■ **PROBLEM TO SOLVE**:
In the copy, leave out the pictures and repeat all records exactly.

■ **Source data**:

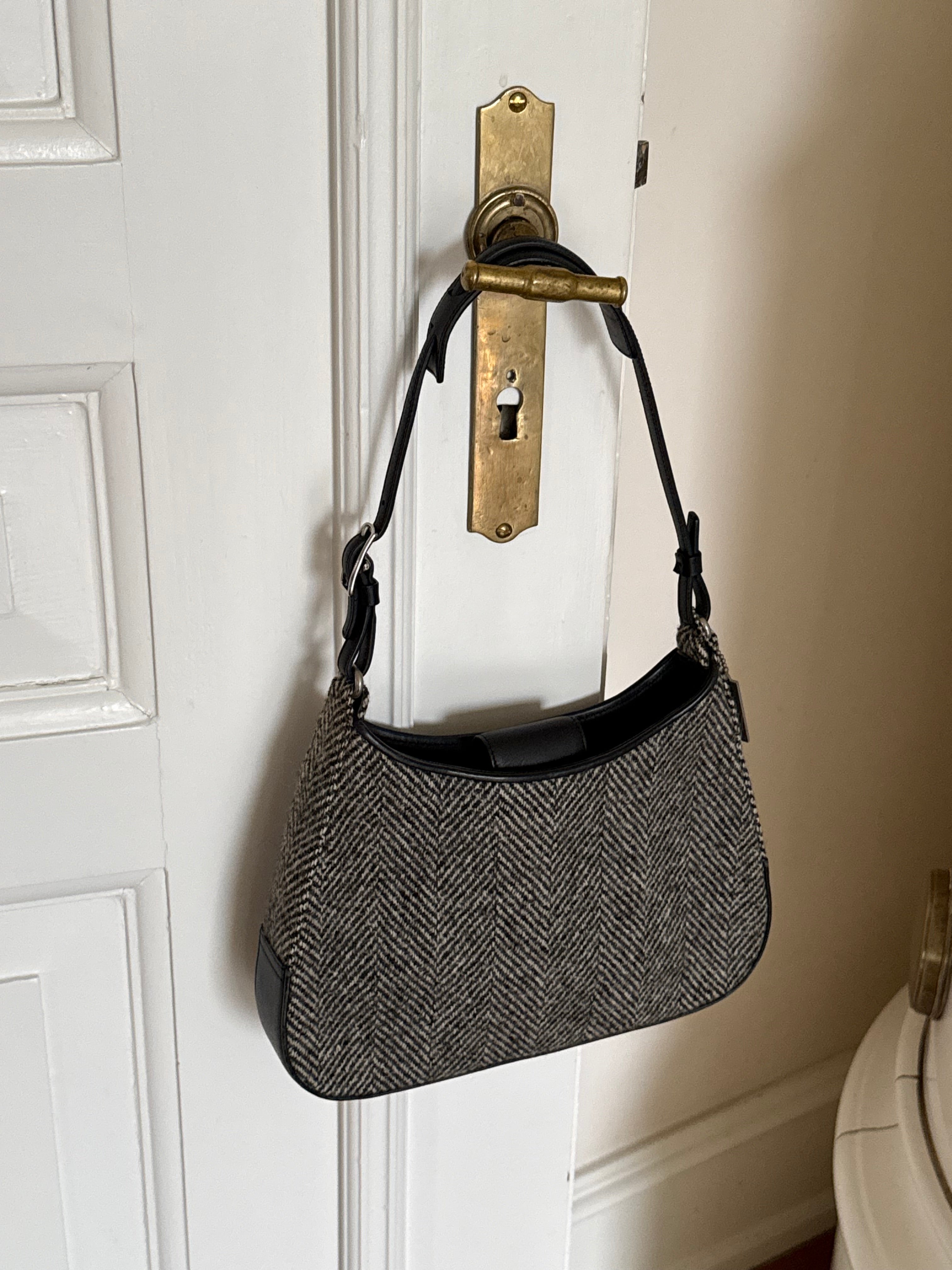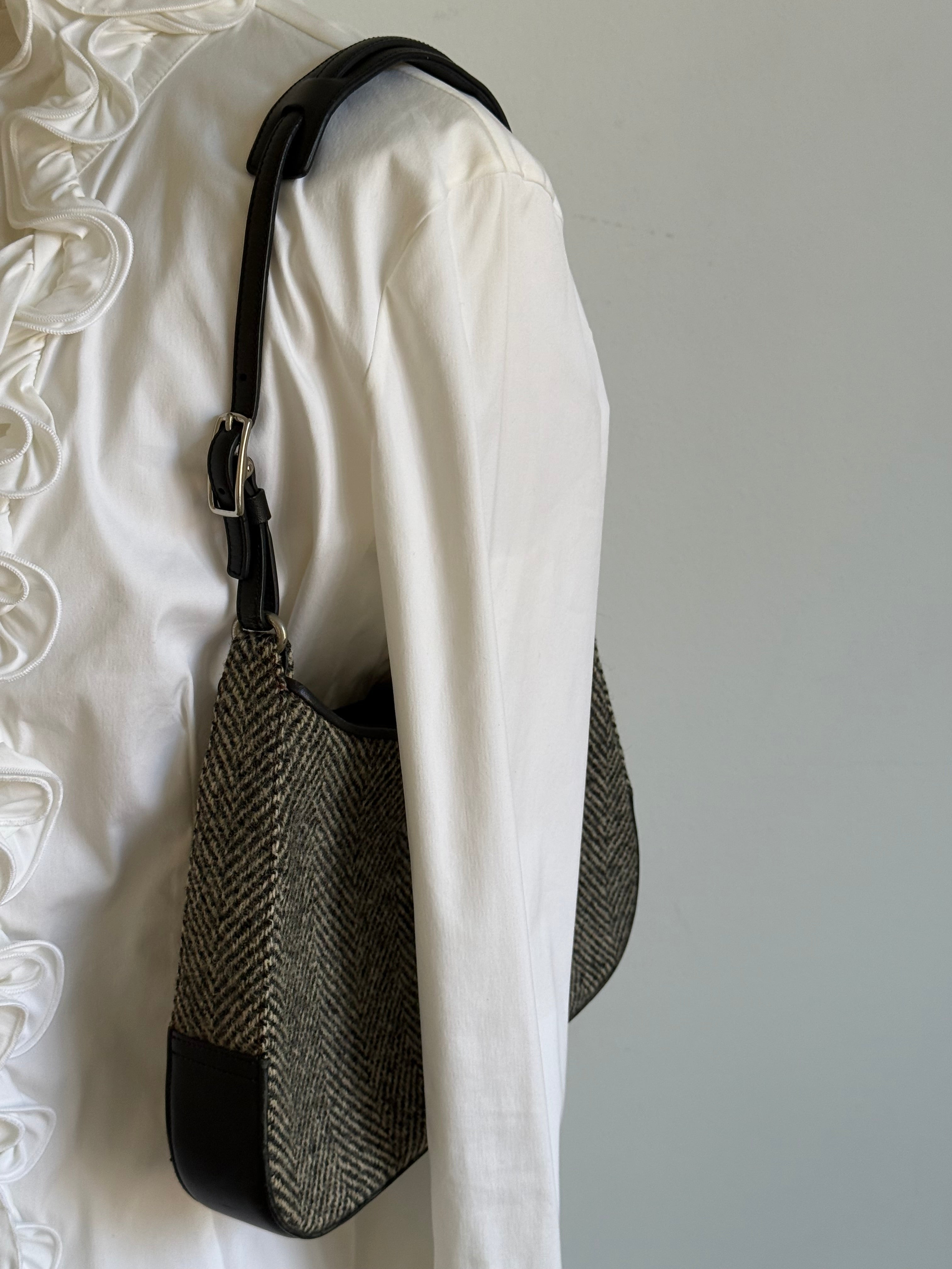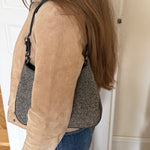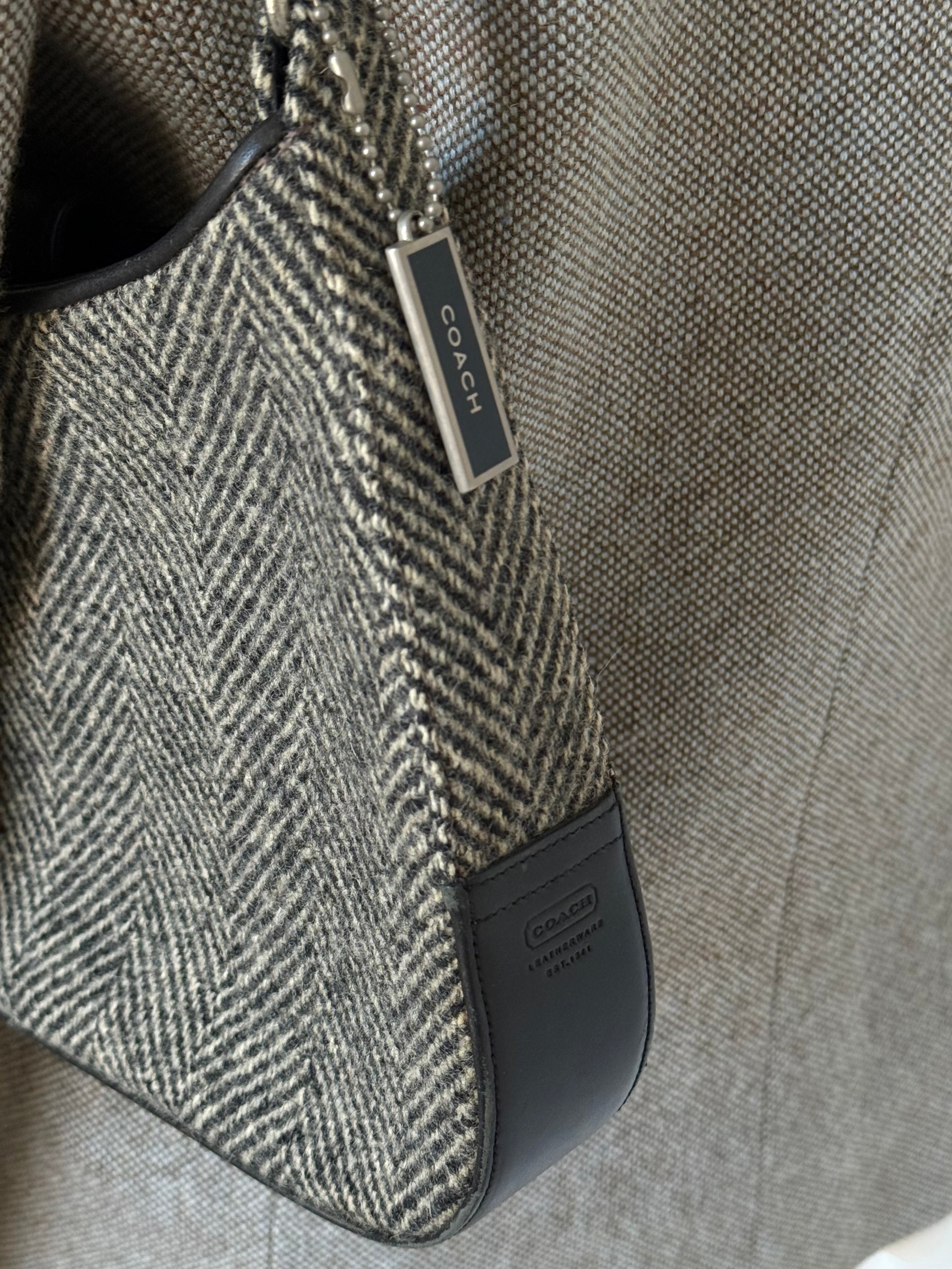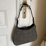 Vintage Coach hobo bag from the early 2000s in grey herringbone wool with black leather trim and silver-tone hardware.
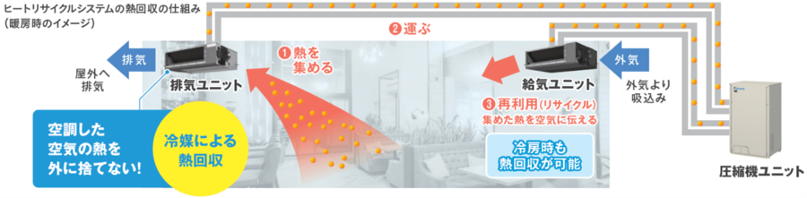本システムは、換気時に排出する熱を冷媒で回収し、ヒートポンプ技術を活用して再利用する新たな換気システムです。コロナ禍を経て換気の重要性が再認識される中、空調負荷の約4割※1が換気によるものであることから、換気と省エネの両立が求められています。『ヒートリサイクルシステム』は、換気の際、通常であれば屋外に排出されてしまう熱を冷媒で回収し、室内に取り入れる外気の温度調節に再利用することで、換気による空調負荷を低減し、部屋全体を効率的に空調することができます。実店舗での実証試験では、従来の空調・換気システムに比べて年間の消費エネルギー量を約64%※2削減しました。
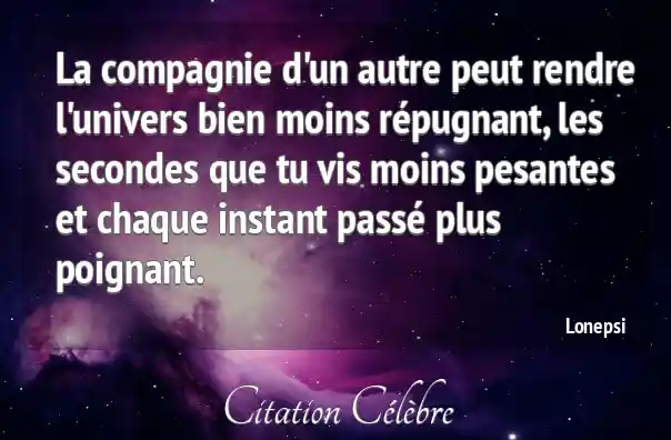 La compagnie d'un autre peut rendre l'univers bien moins répugnant, les secondes que tu vis moins pesantes et chaque instant passé plus poignant.
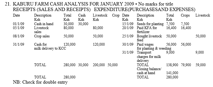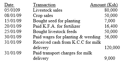 21. On 1st January 2009, Kaburu Farm started farm operations with Ksh 30,000 cash. During the month, the farm made the following transactions. Study the transactions and prepare a cash analysis for Kaburu Farm for the month of January. (51/2 mks)
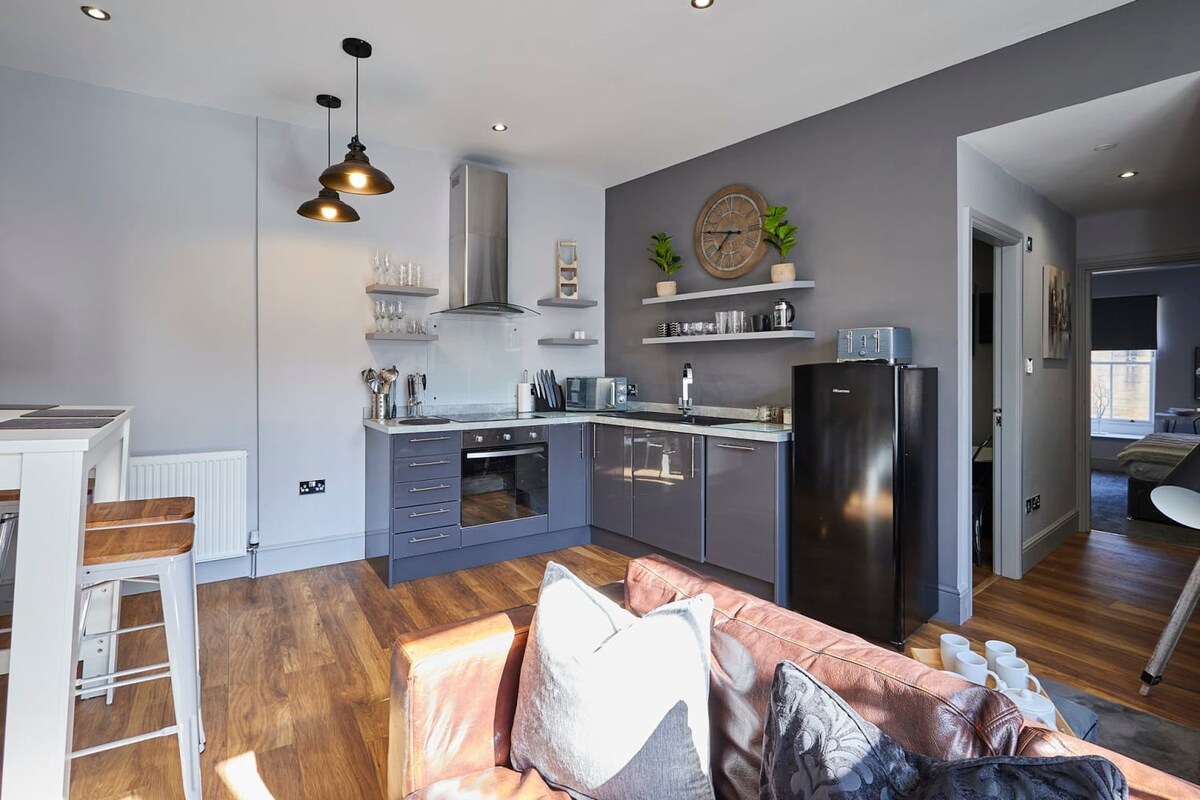 Rooftops Grey is bright and comfortable. It’s the perfect place to unwind with your loved ones. Relax on the sofas watching Freeview on the flat screen TV after a day of exploring Alnwick, which is a short walk away, or an enjoyable excursion into the beautiful Northumberland countryside.Fully equipped for self-catering stays, the kitchen has everything you could need to prepare meals easily. Also sharing the living and kitchen space is the dining area which includes a dining table and four stools.
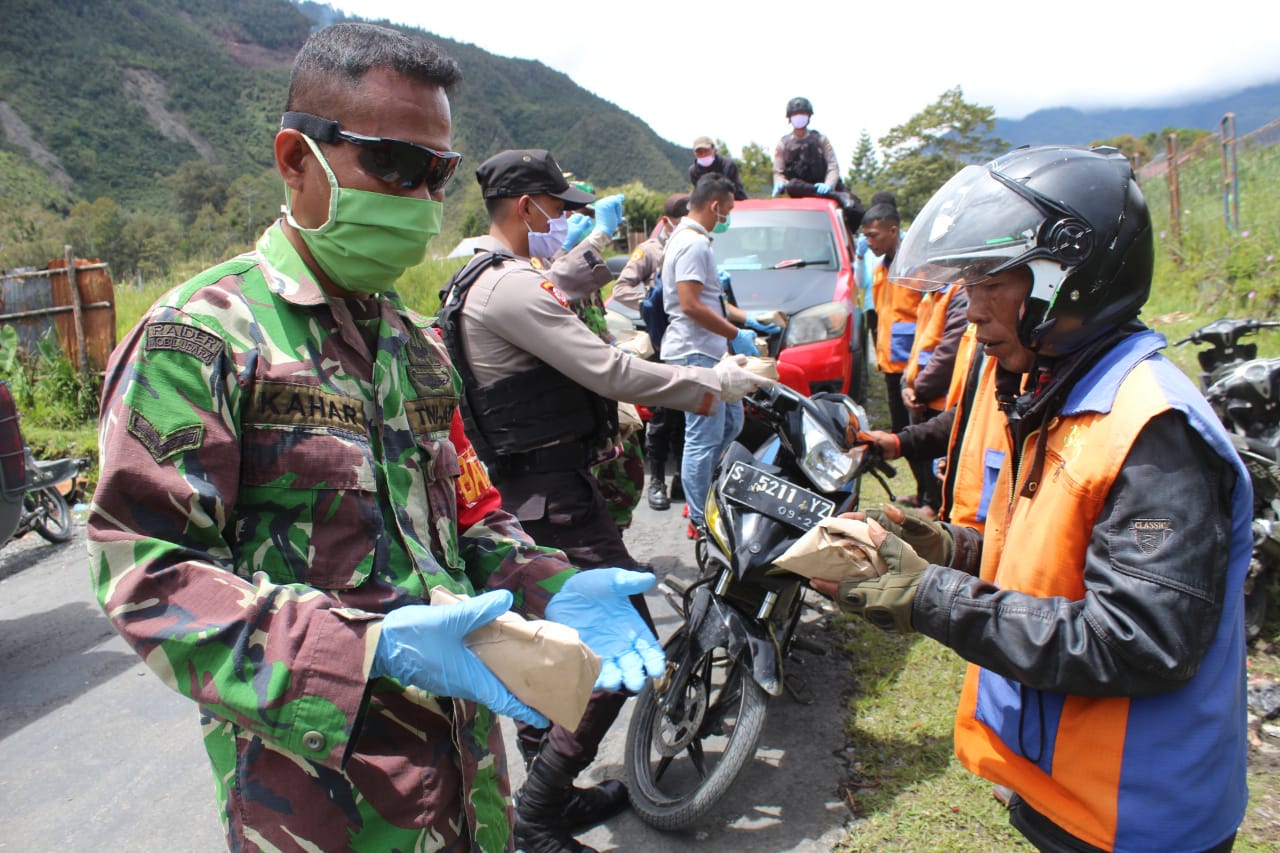 Mulia ( KPN)–Bentuk kepedulian aparat keamanan khususnya Polri-TNI terhadap para tukang ojek yang terdampak Covid-19, Polres Puncak Jaya bersama Kodim 1713 Puncak Jaya membagikan makan siang kepada seluruh tukang ojek Mulia Puncak Jaya.Pada Rabu (15/04/20).

■ **RESULT BELOW**:
 Vintage Coach hobo bag from the early 2000s in grey herringbone wool with black leather trim and silver-tone hardware.
本システムは、換気時に排出する熱を冷媒で回収し、ヒートポンプ技術を活用して再利用する新たな換気システムです。コロナ禍を経て換気の重要性が再認識される中、空調負荷の約4割※1が換気によるものであることから、換気と省エネの両立が求められています。『ヒートリサイクルシステム』は、換気の際、通常であれば屋外に排出されてしまう熱を冷媒で回収し、室内に取り入れる外気の温度調節に再利用することで、換気による空調負荷を低減し、部屋全体を効率的に空調することができます。実店舗での実証試験では、従来の空調・換気システムに比べて年間の消費エネルギー量を約64%※2削減しました。
 La compagnie d'un autre peut rendre l'univers bien moins répugnant, les secondes que tu vis moins pesantes et chaque instant passé plus poignant.
 21. On 1st January 2009, Kaburu Farm started farm operations with Ksh 30,000 cash. During the month, the farm made the following transactions. Study the transactions and prepare a cash analysis for Kaburu Farm for the month of January. (51/2 mks)
 Rooftops Grey is bright and comfortable. It’s the perfect place to unwind with your loved ones. Relax on the sofas watching Freeview on the flat screen TV after a day of exploring Alnwick, which is a short walk away, or an enjoyable excursion into the beautiful Northumberland countryside.Fully equipped for self-catering stays, the kitchen has everything you could need to prepare meals easily. Also sharing the living and kitchen space is the dining area which includes a dining table and four stools.
 Mulia ( KPN)–Bentuk kepedulian aparat keamanan khususnya Polri-TNI terhadap para tukang ojek yang terdampak Covid-19, Polres Puncak Jaya bersama Kodim 1713 Puncak Jaya membagikan makan siang kepada seluruh tukang ojek Mulia Puncak Jaya.Pada Rabu (15/04/20).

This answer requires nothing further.